Snekmer Demo

In this notebook, we will demonstrate how to apply Snekmer toward the analysis of protein sequences.

Getting Started

Workflow

Snekmer proceeds through a defined workflow executed as individual steps on Snakemake. Two operation modes are available: model (supervised machine learning) and cluster (unsupervised clustering). The user should select the mode that best suits their individual use case.

|6eda3ed6f3b5486d963d4e12aa1fe972|

Notes on Using Snekmer

Snekmer assumes that the user will primarily process input files using the command line. For more detailed instructions, refer to the documentation.

The basic process for running Snekmer is as follows:

  1. Verify that your file directory structure is correct and that the top-level directory contains a config.yaml file.

    • A template configuration file is included in the Snekmer code repository here.

  2. Modify config.yaml as needed.

  3. Use the command line to navigate to the directory containing both the config.yaml file and input directory.

  4. Run snekmer cluster, snekmer model, or snekmer search.

Depending on the selected operation mode, output files will vary.

The process detailed above is handled by the included tutorial. We will use this demo to break down the process followed by the tutorial and understand the output files created in the process.

Running Snekmer

First, install Snekmer using the instructions in the user installation guide.

To ensure that the tutorial runs correctly, activate the conda environment containing your Snekmer installation and run the notebook from the environment.
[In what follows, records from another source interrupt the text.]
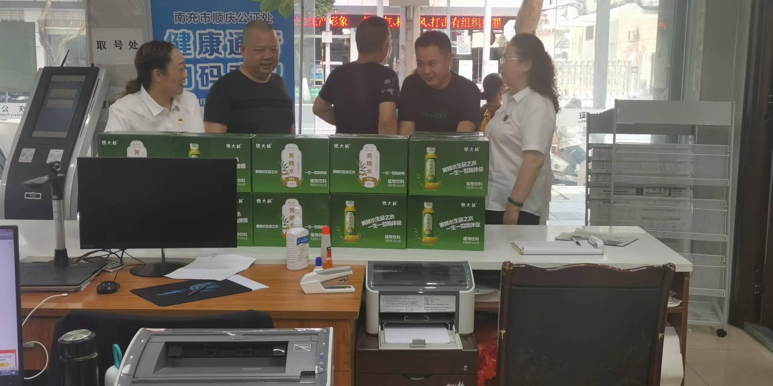 6月29日,四川省南充市順慶公證處收到了若干箱防暑飲品及一面印有“企業的貼心人,公平正義的人民衛士”的錦旗,這是一家電力工程有限責任公司的負責人孫先生特意送到公證處,以感謝公證人員熱心服務,公正辦案,同時在炎熱的夏日,真切的讓工作人員感受到了清涼。 南充順慶:公證為民暖人心贈送錦旗表謝意
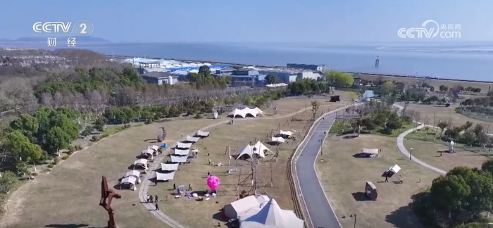 在浙江海宁,钱塘生态绿带里钱塘江与紫色花海相互映衬的美景,吸引了众多游客前来打卡,也带火了沿岸露营、餐饮等消费场景。据统计,钱塘生态绿带近期周末日均客流超5000人次,带动周边露营、餐饮、住宿消费较上个月增长超30%。
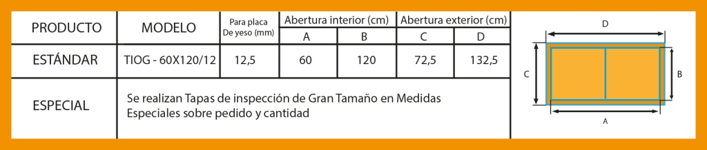 Dentro de la línea de Tapas de Inspección de Gran Tamaño TIOG, este modelo es el único modelo que se fabrica en forma estándar y se mantiene stock del mismo debido a su gran utilización en acceso a Equipos de Aire Acondicionado en cielorraso y otros accesos a instalaciones requeridos habitualmente en las obras.
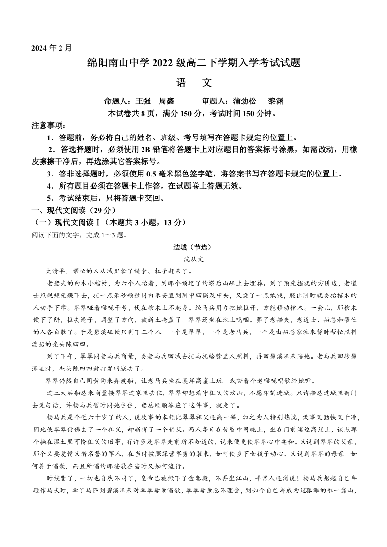 四川省绵阳市南山中学2023-2024学年高二下学期入学考试语文+答案
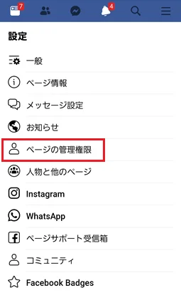 基本的には前述のPC版と同じように、管理しているFacebookページを開いて、設定から管理者追加メニューを開く手順となります。
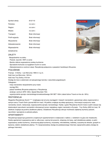 - Zakwaterowanie w centrum stacji. Rezydencja połączona z pasażem handlowym Bruyeres.
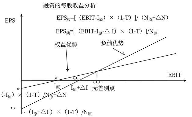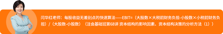 (2)每股收益無差別點:令兩個方案EPS相等的息稅前利潤EBIT,或其他參數(shù)(如收入、銷量等)。

Next, run the Snekmer tutorial. This runs all three Snekmer modes on the demo example files and produces all output files. The tutorial uses the included default configuration parameters to guide the analysis, but the user can modify these parameters if a different configuration set is desired. The tutorial command line instructions are copied below:

conda activate snekmer
cd resources/tutorial/demo_example
./run_demo.sh

Finally, we will initialize some parameters and parse filenames for this demo notebook.

[1]:
# imports
import glob
import os
import yaml
from itertools import product

import numpy as np
import pandas as pd
import matplotlib.pyplot as plt
import seaborn as sns
[2]:
# load config file
with open(os.path.join("..", "..", "resources", "config.yaml"), "r") as configfile:
    config = yaml.safe_load(configfile)

print(config)
{'k': 14, 'alphabet': 0, 'input_file_exts': ['fasta', 'fna', 'faa', 'fa'], 'input_file_regex': '.*', 'nested_output': False, 'score': {'scaler': True, 'scaler_kwargs': {'n': 0.25}, 'labels': 'None', 'lname': 'None'}, 'cluster': {'method': 'agglomerative-jaccard', 'params': {'n_clusters': 'None', 'linkage': 'average', 'distance_threshold': 0.92, 'compute_full_tree': True}, 'cluster_plots': False, 'min_rep': None, 'max_rep': None, 'save_matrix': True, 'dist_thresh': 100}, 'model': {'cv': 5, 'random_state': 'None'}, 'model_dir': 'output/example-model/', 'basis_dir': 'output/example-model/', 'score_dir': 'output/example-model/'}
[3]:
filenames = sorted(
    [
        fa.rstrip(".gz")
        for fa, ext in product(
            glob.glob(os.path.join("demo_example", "input", "*")),
            config["input_file_exts"],
        )
        if fa.rstrip(".gz").endswith(f".{ext}")
    ]
)

families = sorted([os.path.splitext(os.path.basename(f))[0] for f in filenames])

print(families)
['TIGR03149', 'nirS', 'nxrA']

Snekmer Cluster Mode

Results and output files from Snekmer’s clustering mode can be found in the cluster directory.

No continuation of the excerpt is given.